Top Food Trends For the New Year

As foodservice grows to be more and more important in the c-store channel, it’s worth noting  The Food Channel’s list of the top 10 food trends to watch for 2010. The Web site released its top 10 for ’10 based on research conducted in conjunction with CultureWaves and the International Food Futurists.

According to the list, customers are looking to return to natural, basic ingredients that are pure, simple, clean and sustainable and with this we’ll see customers opting more for scratch cooking than convenience. But at the same time, they also want to experiment more with their food choices. New concepts around “fresh” and DIY are expected to do well. These days “foodies” are as likely to reach for a peanut butter and jelly sandwich as they are to reach for shell crab sushi. Customers are looking to try new things, but also want the old basics. And in keeping with the experimentation trend, they might even eat the two together.

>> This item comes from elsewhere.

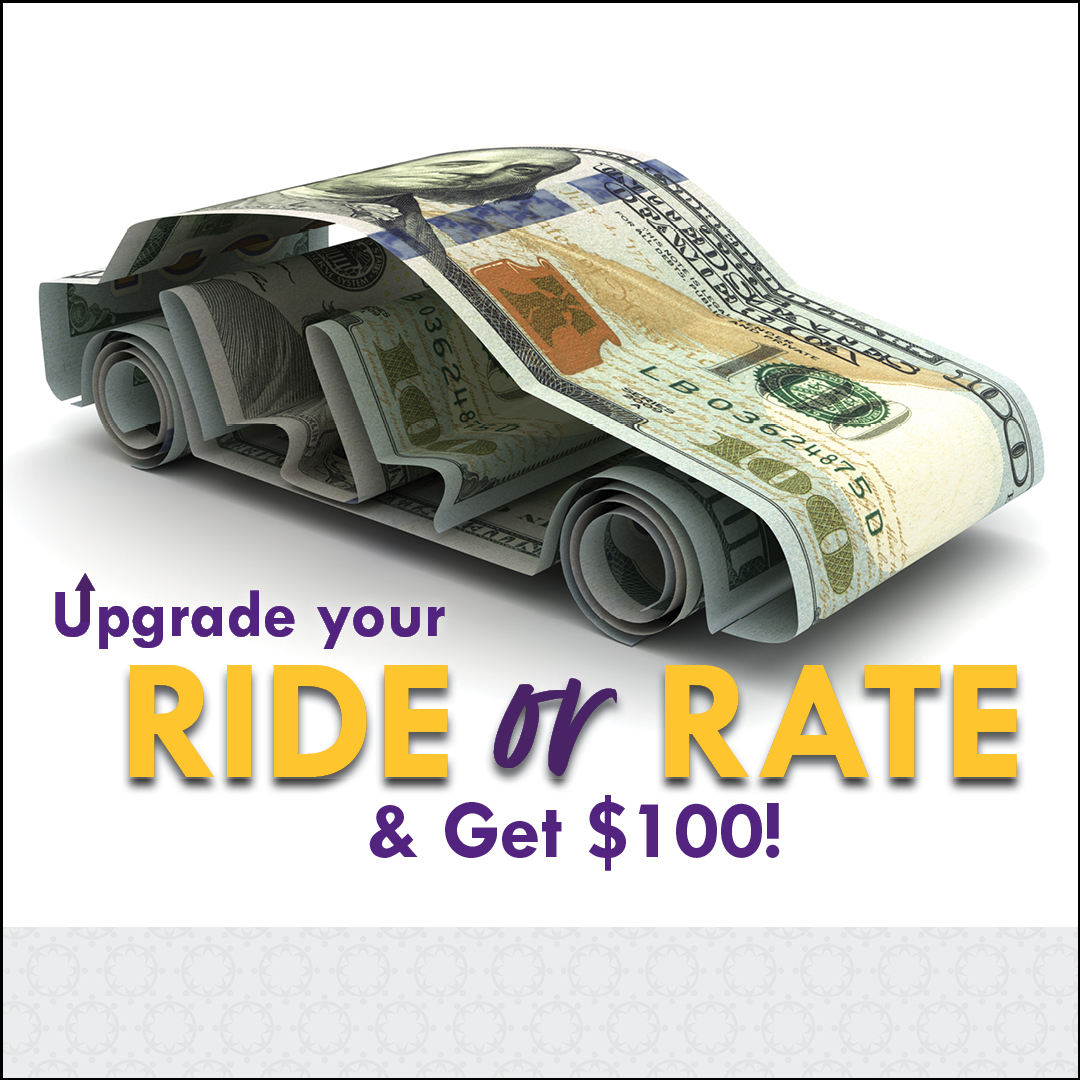 Offer available on qualifying new, used, and refinanced auto loans of $10,000+. Member must maintain the loan in good standing for at least two (2) months to receive the incentive. $100 will be deposited into the member’s UNITE account after the qualification period. Subject to credit approval. Offer subject to change without notice. *You may still be responsible for state title, registration, or other government fees, and pre-existing loan terms or penalties from your current lender may apply. Membership and credit approval required. Federally insured by NCUA.

Growth is predicted in grocery store sales, especially in the private label area.

“These old generics have morphed into their own brands, so that there is blurring and less of a caste system. Grocery stores are also doing things such as upgrading delis and fresh take-out sections, all the way to returning butchers to a place of prominence,” according to the Food Channel.

After a huge move toward ethnic flavors, Americans are now we are now defining a new Global Flavor Curve. “Part comfort, part creativity, the latest flavors are coming from the great American melting pot,” the Food Channel reported.

Customers also want to know where their food is coming from, what’s in it and if it is safe, and free of pesticides or anything that will someday prove harmful.

In addition, sustainability is more important than ever as the concept has now gone mainstream and Americans are holding themselves responsible and people as well as companies are now learning how to be sustainable for the right reasons.

Look for more products boasting added nutrients and those with the word “free” (from gluten-free to allergen-free). Customers want added benefits to the food they eat and nutritional, healthful and good-for-you foods are rising in popularity.

Individuality and sharing are both big concepts in food right now. While sharing is rising in restaurant concepts, at the same time expect to see more attention on the individual. “It’s not just about portion size-it’s also about food that reflects personality,” the Food Channel noted.